NICA-Scheduler Job Example:

<job name="reco_job">
   <macro path="$VMCWORKDIR/macro/run/run_reco_bmn.C" start_event=”0” event_count=”1000”>
    <file input="$VMCWORKDIR/macro/run/bmnsim1.root" output="$VMCWORKDIR/macro/run/bmndst1.root"/>
    <file input="$VMCWORKDIR/macro/run/bmnsim2.root" output="$VMCWORKDIR/macro/run/bmndst2.root"/>
    <file sim_input="energy=3,gen=dcmqgsm" output="$VMCWORKDIR/macro/run/bmndst_${counter}.root"/>
   </macro>
   <run mode=“global" count=“25" config=“~/bmnroot/build/config.sh"/>
</job>

An XML description of a job to run in a batch system starts with <job> tag and ends with closing </job> tag. The attribute 'name' defines the name of the job to identify it. The attribute 'batch' defines batch system of the cluster if needed. The possible values: ‘sge’ for Sun Grid Engine (LHEP ncx-farm), ‘slurm’ for SLURM (HybriLIT, Govorun) and ‘torque’ for Torque batch system (LIT CICC). Attention! The default value is ‘sge’ (Sun Grid Engine batch system) to run on the ncx-farm.

Tag <macro> sets information about a macro being executed by BmnRoot or MpdRoot :

  • path – path of the ROOT macro for distributed execution.
    Important! Since a job can be started by the scheduler on any machine of the cluster, the path must point to a shared space (e.g. /eos/nica/bmn/users/my_user/ volumes on the NICA cluster). This argument is required.
  • start_event – number of the start event to process for all input files. This argument is optional.
  • event_count – count of events to process for all input files.

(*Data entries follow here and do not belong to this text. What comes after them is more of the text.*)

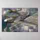 Póster 3D Anaglyph do P51 n Spitfire sobre o aeródromo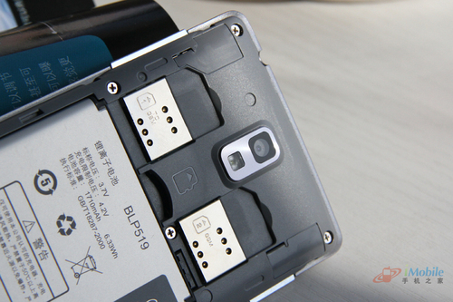 将后盖打开我们看到OPPO R813T设有两个SIM卡槽,双卡双待,可以支持一个3G一个2G卡同时待机,其中一个卡槽兼容3G、2G,另外一个只支持2G。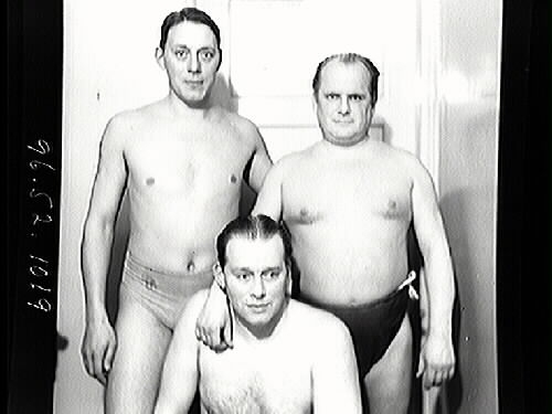 "Koksarn" Widén, "Knubben" Ahlberg och Sune Lindberg. Plats:Simhallen, Fabriksgatan.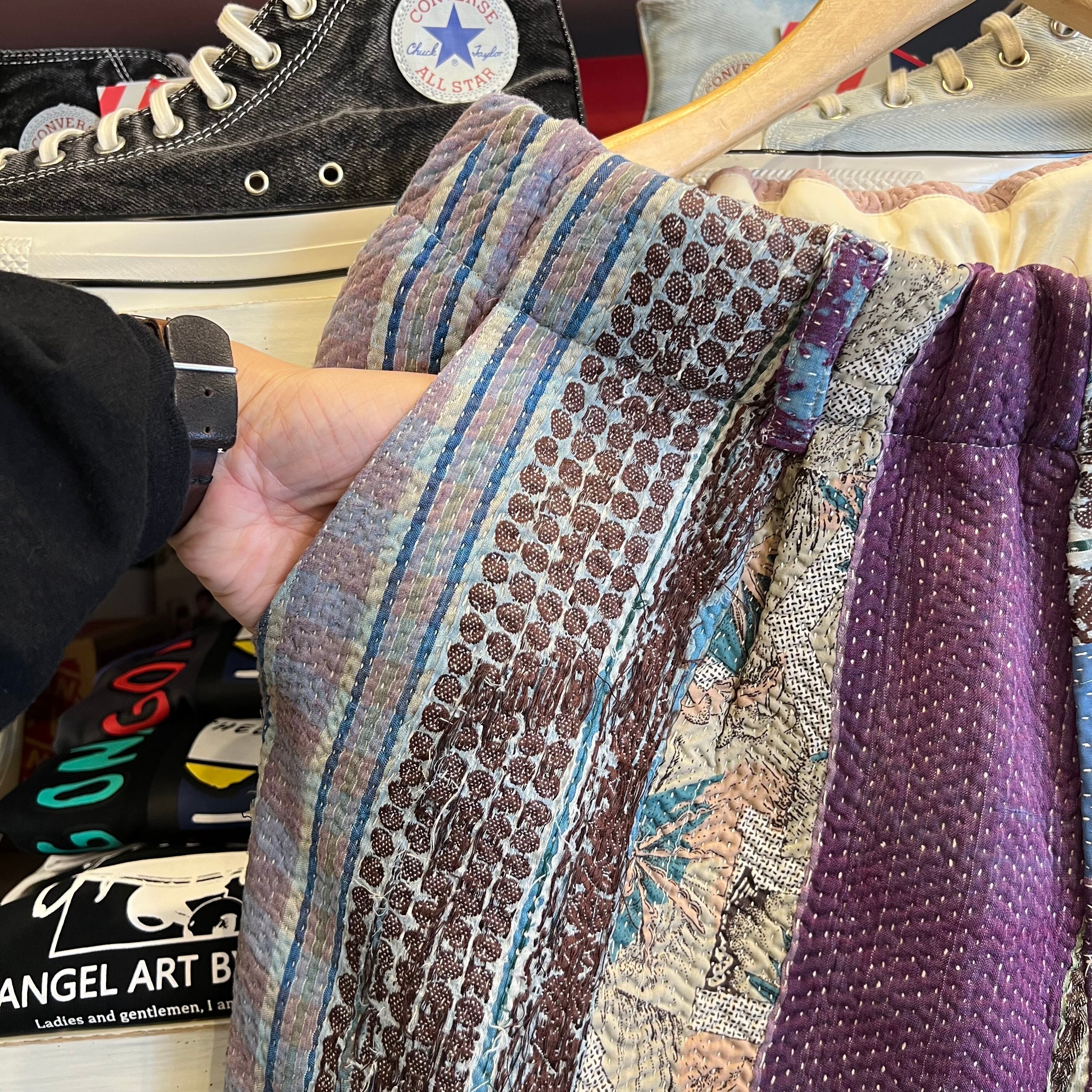 インドはものを⼤切にする⽂化があり、⼥性が⾃宅で着古したサリーを重ねて刺し⼦を施し、ベットシーツや敷物等にします。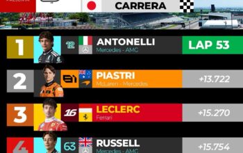 Nota: Descalabro de Charles Leclerc, quedando eliminado de la Q3, buen trabajo de Logan Sargent llegando a la Q2 y obteniendo el 12, y lamentablemente actuación de Sergio Pérez quién en condiciones cambiantes de pista tuvo un despiste lo dejó por fuera de la sesión de clasificación al quedar atascado en la leca.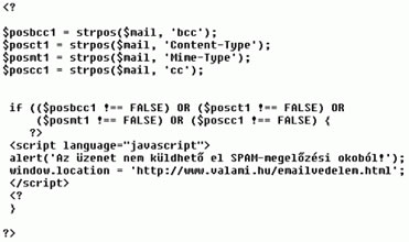 A teendő nem más, mint egy PHP utasítássorozat segítségével ellenőrizni, hogy szerepelnek-e ezek a kifejezések az űrlapmezők bármelyikében (ez alól kivételt képez az üzenet szövegét tartalmazó mező). Tehát a feladóra vonatkozó információk és esetlegesen a téma megjelölésére szolgáló szövegbeviteli mezőket kell ellenőrizni akkor, amikor már azok változókban vannak tárolva, majd pedig ha bármelyik is „megbukott a teszten”, megakadályozni az üzenetküldési folyamat lefutását.
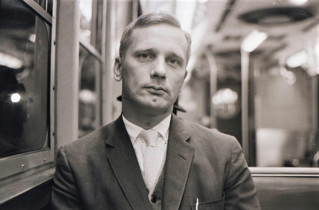Ceļā ar metro no mākslinieces Ausmas Matcates izstādes Ņujorkas centrā uz mājām Kvīnsā, 1961.gads. Avots: LNA LVA F.1996.
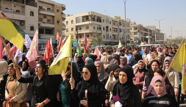 المئات في منبج يتظاهرون ضد العزلة على القائد أوجلان تحت شعار “سنحطم جدران إمرالي”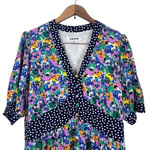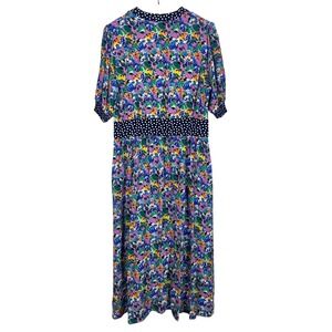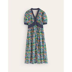 Keywords: Boden dress, floral print, maxi dress, v neck, puff sleeve, polka dot trim, women's dress, bright floral, summer dress, spring dress, statement dress, feminine, whimsical, garden, cottagecore, colorful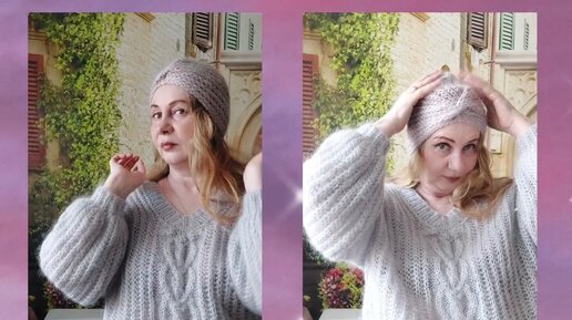 Осенняя Шапочка-Чалма "Мадлен "спицами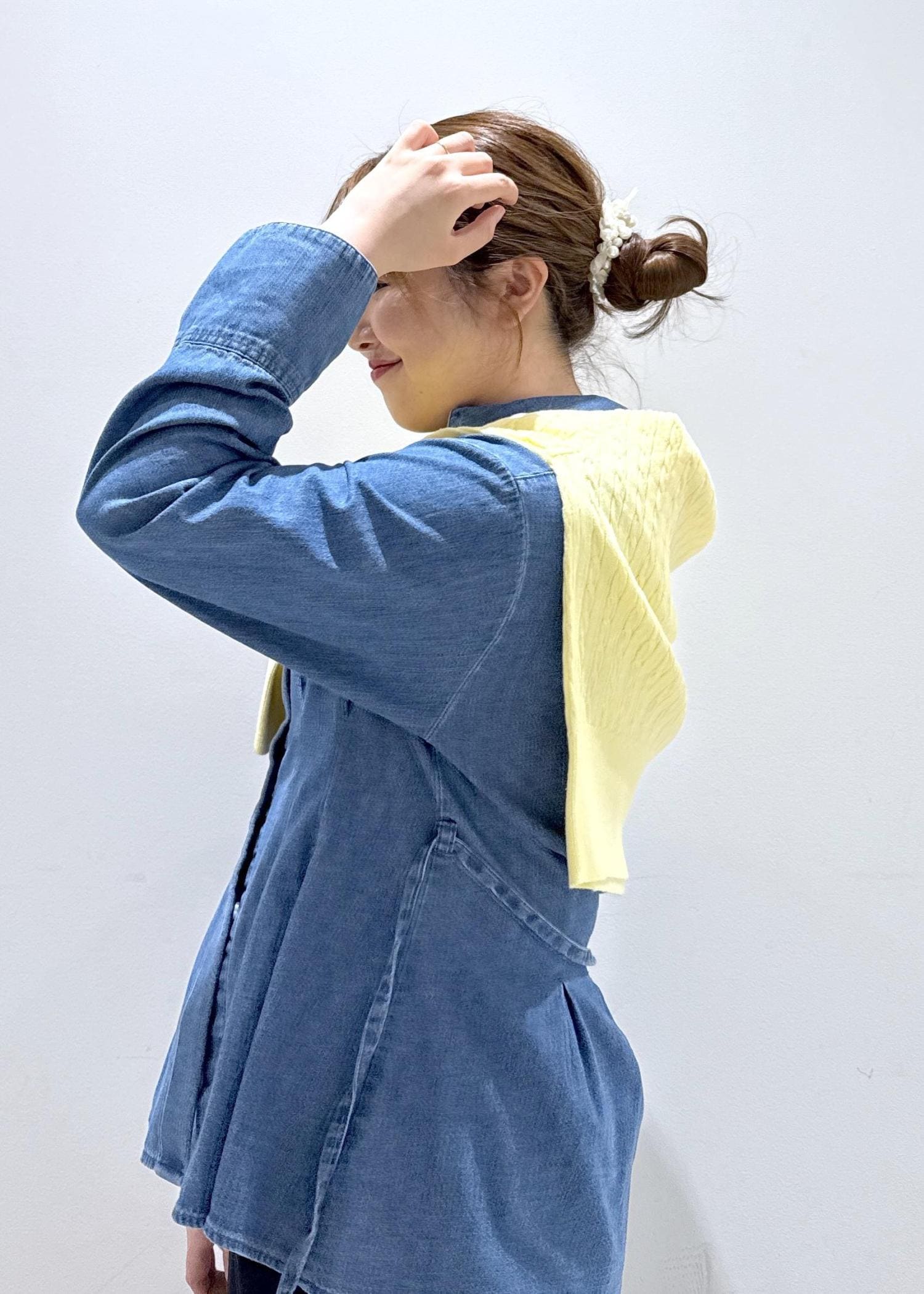差し色で黄色をアクセントに入れているので、顔周りもパッと華やかに明るく見せています。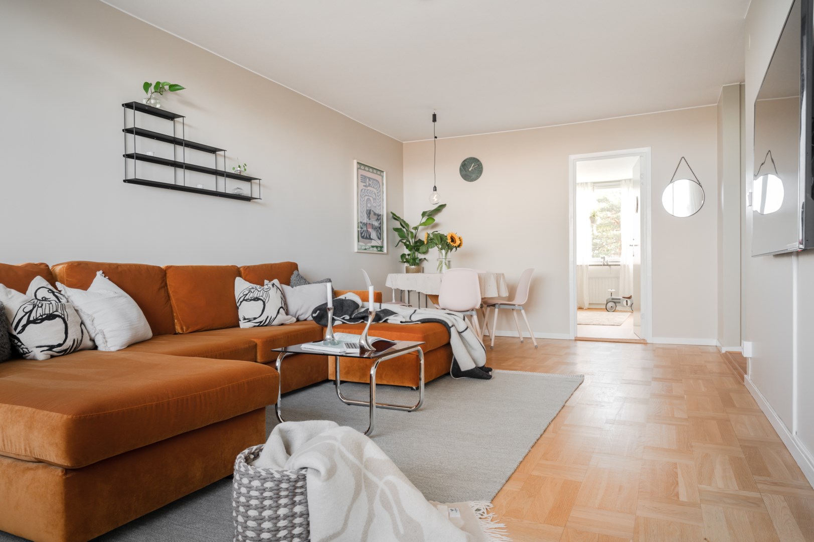 Välkomna till denna mycket välplanerade familjebostad om hela 109,3 kvm fördelade på fyra rum och kök, ett badrum, en gäst-Wc samt en tvättstuga. Vardagsrummet är väl tilltaget och ger gott om plats för större soffgrupp framför mediabänken samt övrig trivselmöbel om så önskas. Vardagsrummet har ett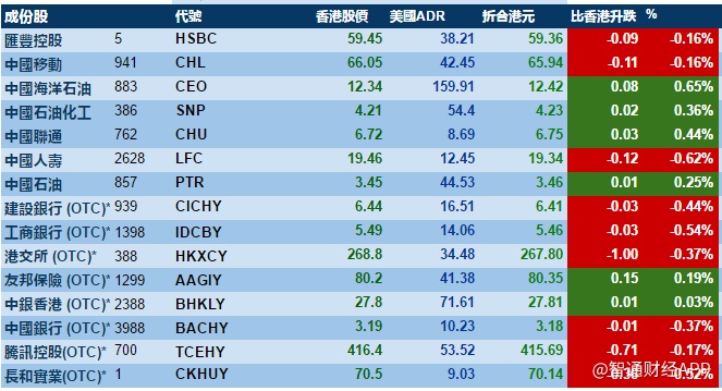 智通财经APP获悉,周四美股反覆偏软,港股ADR指数全日微跌,按比例计算,收报27693点,跌37点。

This argument is optional.
  • add_args – additional last arguments of the ROOT macro, if required.
  • name – conventional name of the macro if you want to use dependencies. This argument is optional and usually not used.

Tag <file> is included inside the <macro> tag and contains information on input and output files to process by the macro:

  • input – path to one input file or a set of files in case of regular expressions (?,*,+) to be processed.
  • file_input – path to the text file containing a list of input files separated by new lines.
  • job_input – name of the one of the previous jobs that resulting files are input files for the current macro.
  • macro_input – name of the one of the previous macros in the same job that resulting files are input files for the current macro.
  • sim_input – string to specify a list of input simulation files forming from the BM@N Unified database.
  • exp_input – string to specify a list of input experimental (raw) files forming from the BM@N Unified database.
  • output – path to result files.
    Important! Since a user job can be started by the NICA-Scheduler on any machine of the cluster, path must point to a shared space, e.g. EOS volume being available on all cluster nodes.
  • start_event – number of the start event specific for this file. This argument is optional.
  • event_count – count of events to process specific for this file. This argument is optional.
    Important! If start_event (or event_count) is set in <macro> and <file> tags then the value in the <file> tag is selected as preferable.
  • parallel_mode – processor count to parallel event processing for the given input file. This argument is optional.
  • merge – whether merge partial result files in the parallel_mode. Default value is true, possible values of the attribute: "false", "true", "nodel", "chain".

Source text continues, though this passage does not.